Make an exact copy of all the entries, with the pictures left out.
---- Input
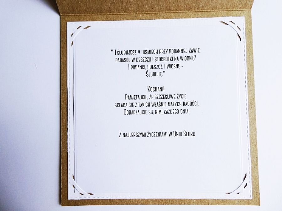 Personalizowana - z imionami Młodej Pary na froncie i oryginalnymi życzeniami wewnątrz.
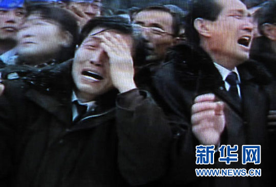 這張12月28日的電視畫面顯示,朝鮮民眾在平壤參加朝鮮最高領(lǐng)導(dǎo)人金正日遺體告別儀式時(shí)慟哭。 新華社記者 殷博古 攝
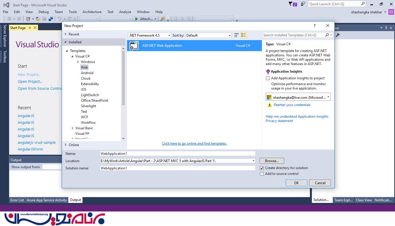 برنامه Visual Studio را باز کرده و از مسیر File > New > Project یک پنجره جدیدی باز می شود که باید بر روی ASP.Net Web Application کلیک کرده و گزینه OK را انتخاب کنید.
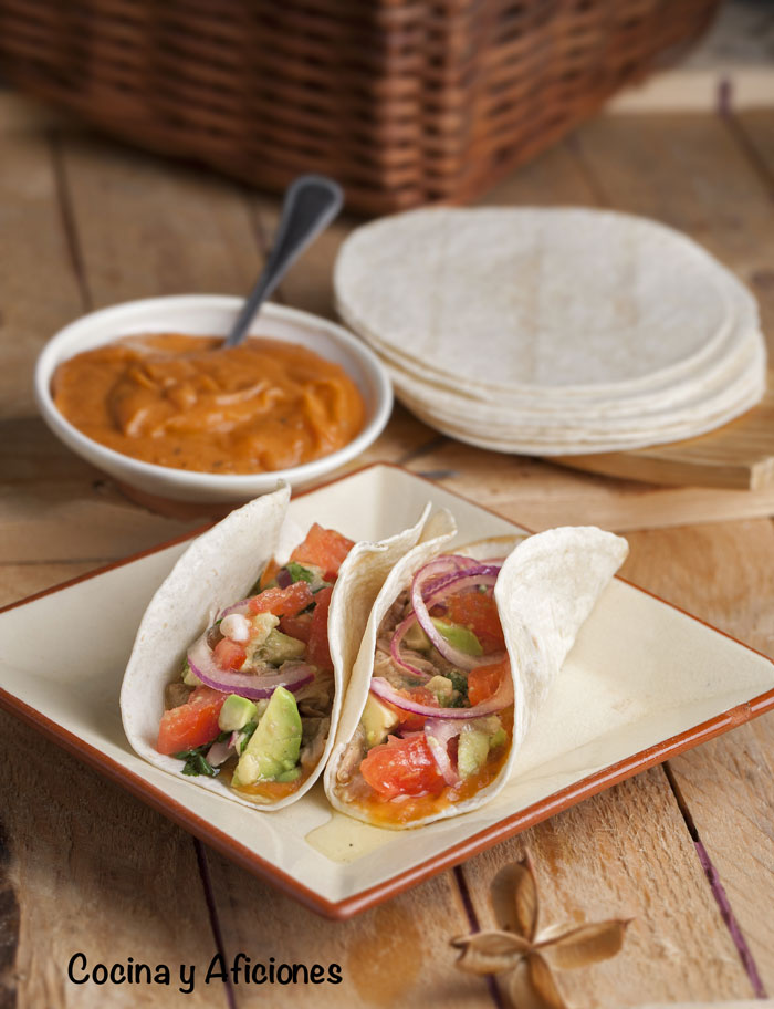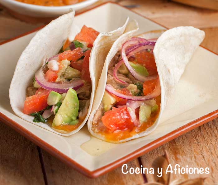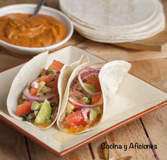 Calentamos las tortillas y la carne, en cada tortilla ponemos una generosa ración de carne, añadimos el pico de gallo y salseamos. Servir inmediatamente.
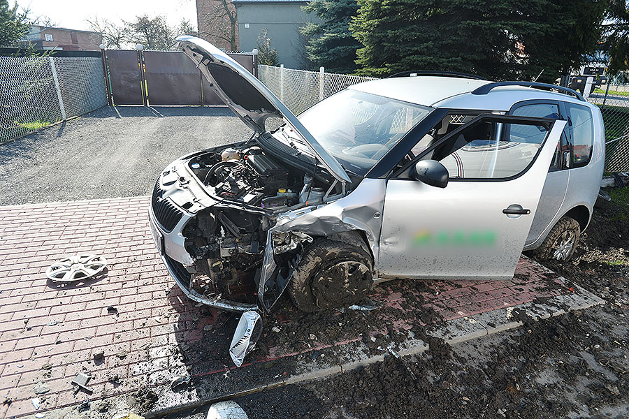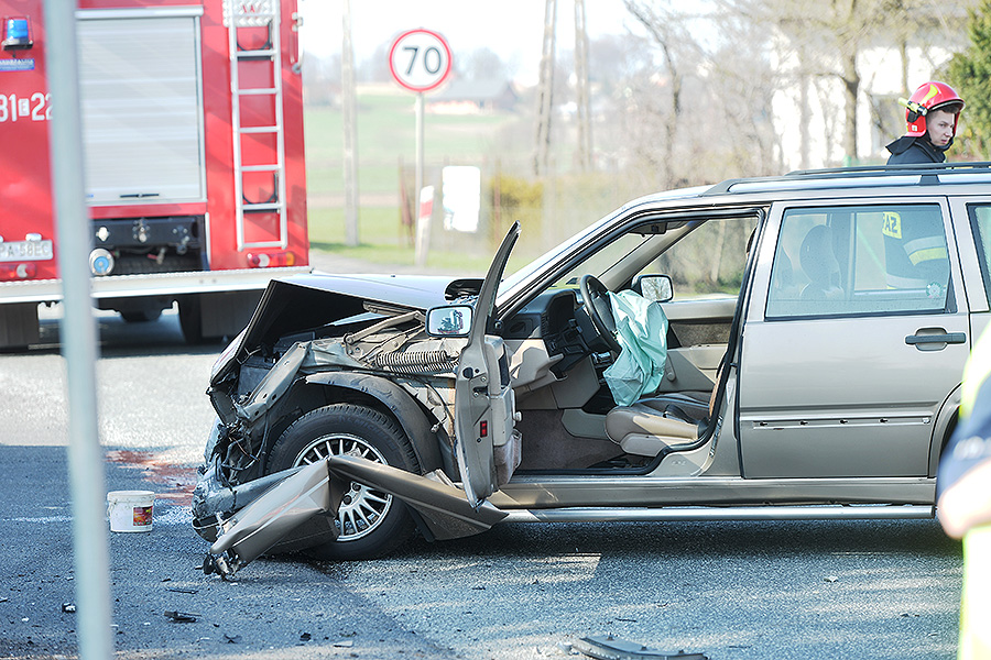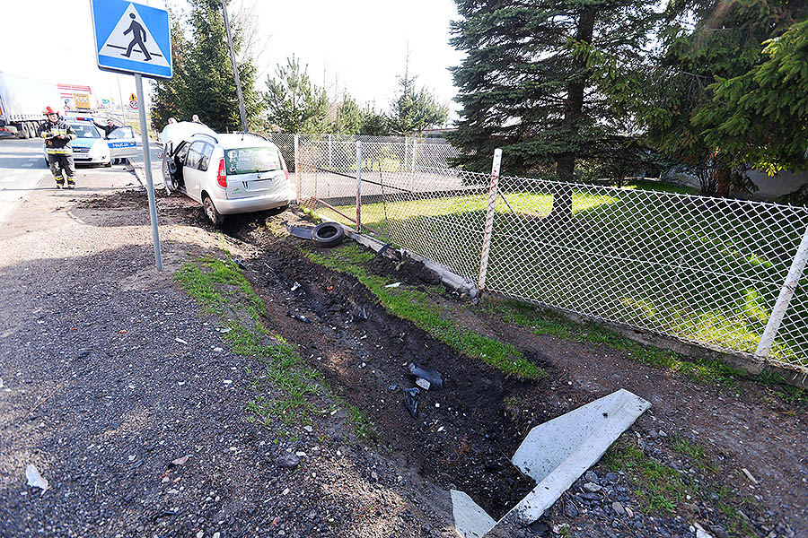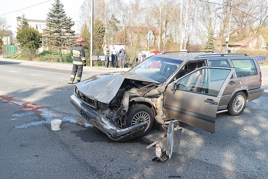 Około godz. 15.30 mężczyzna jadący Volvo V70 od strony Pabianic, na wysokości sklepu w Szynkielewie (zaraz za rondem) chciał skręcić w lewo. Wykonując manewr nie ustąpił pierwszeństwa jadącej z naprzeciwka Skodzie Roomster i doszło do czołowego zderzenia. Skoda przeleciała przez rów i urwała koło. Okazało się, że uczestnikom zdarzenia nic nie jest. Sprawca przeprosił poszkodowanego za swoją nieuwagę. Obaj kierujący byli trzeźwi. Strażacy zepchnęli rozbite Volvo na pobocze.
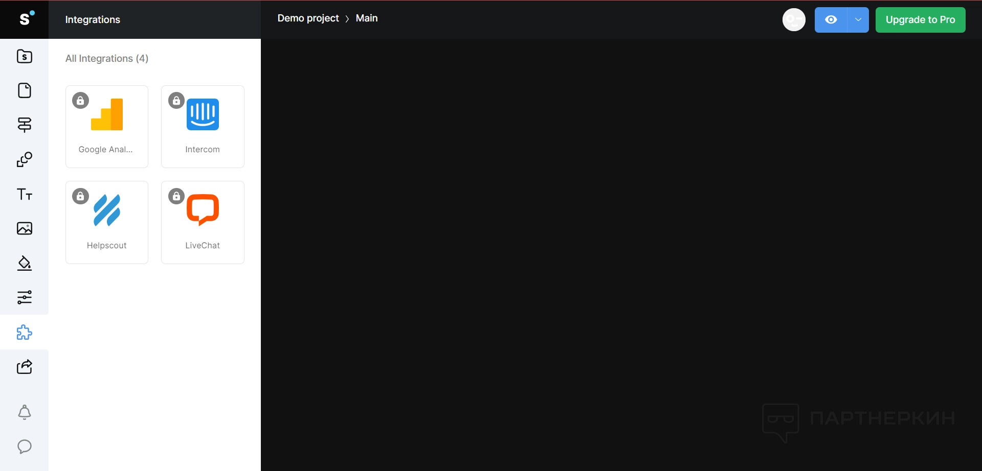 В разделе пользователи могут интегрировать сторонние сервисы и приложения в свой веб-сайт.
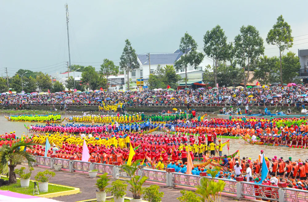 Đông đảo người hâm mộ và du khách quan tâm theo dõi giải đua ghe ngo Giải đua ghe ngo Sóc Trăng, khu vực ĐBSCL, lần thứ V, năm 2022 có tổng cộng 54 đội ghe tham gia tranh tài (trong đó có 9 đội nữ) đến từ 7 tỉnh khu vực ĐBSCL như: Kiên Giang, Vĩnh Long, Hậu Giang, Trà Vinh, Bạc Liêu, Cà Mau và chủ nhà Sóc Trăng.
--------
▶ [Your response]
 Personalizowana - z imionami Młodej Pary na froncie i oryginalnymi życzeniami wewnątrz.
 這張12月28日的電視畫面顯示,朝鮮民眾在平壤參加朝鮮最高領(lǐng)導(dǎo)人金正日遺體告別儀式時(shí)慟哭。 新華社記者 殷博古 攝
 برنامه Visual Studio را باز کرده و از مسیر File > New > Project یک پنجره جدیدی باز می شود که باید بر روی ASP.Net Web Application کلیک کرده و گزینه OK را انتخاب کنید.
 Calentamos las tortillas y la carne, en cada tortilla ponemos una generosa ración de carne, añadimos el pico de gallo y salseamos. Servir inmediatamente.
 Około godz. 15.30 mężczyzna jadący Volvo V70 od strony Pabianic, na wysokości sklepu w Szynkielewie (zaraz za rondem) chciał skręcić w lewo. Wykonując manewr nie ustąpił pierwszeństwa jadącej z naprzeciwka Skodzie Roomster i doszło do czołowego zderzenia. Skoda przeleciała przez rów i urwała koło. Okazało się, że uczestnikom zdarzenia nic nie jest. Sprawca przeprosił poszkodowanego za swoją nieuwagę. Obaj kierujący byli trzeźwi. Strażacy zepchnęli rozbite Volvo na pobocze.
 В разделе пользователи могут интегрировать сторонние сервисы и приложения в свой веб-сайт.
 Đông đảo người hâm mộ và du khách quan tâm theo dõi giải đua ghe ngo Giải đua ghe ngo Sóc Trăng, khu vực ĐBSCL, lần thứ V, năm 2022 có tổng cộng 54 đội ghe tham gia tranh tài (trong đó có 9 đội nữ) đến từ 7 tỉnh khu vực ĐBSCL như: Kiên Giang, Vĩnh Long, Hậu Giang, Trà Vinh, Bạc Liêu, Cà Mau và chủ nhà Sóc Trăng.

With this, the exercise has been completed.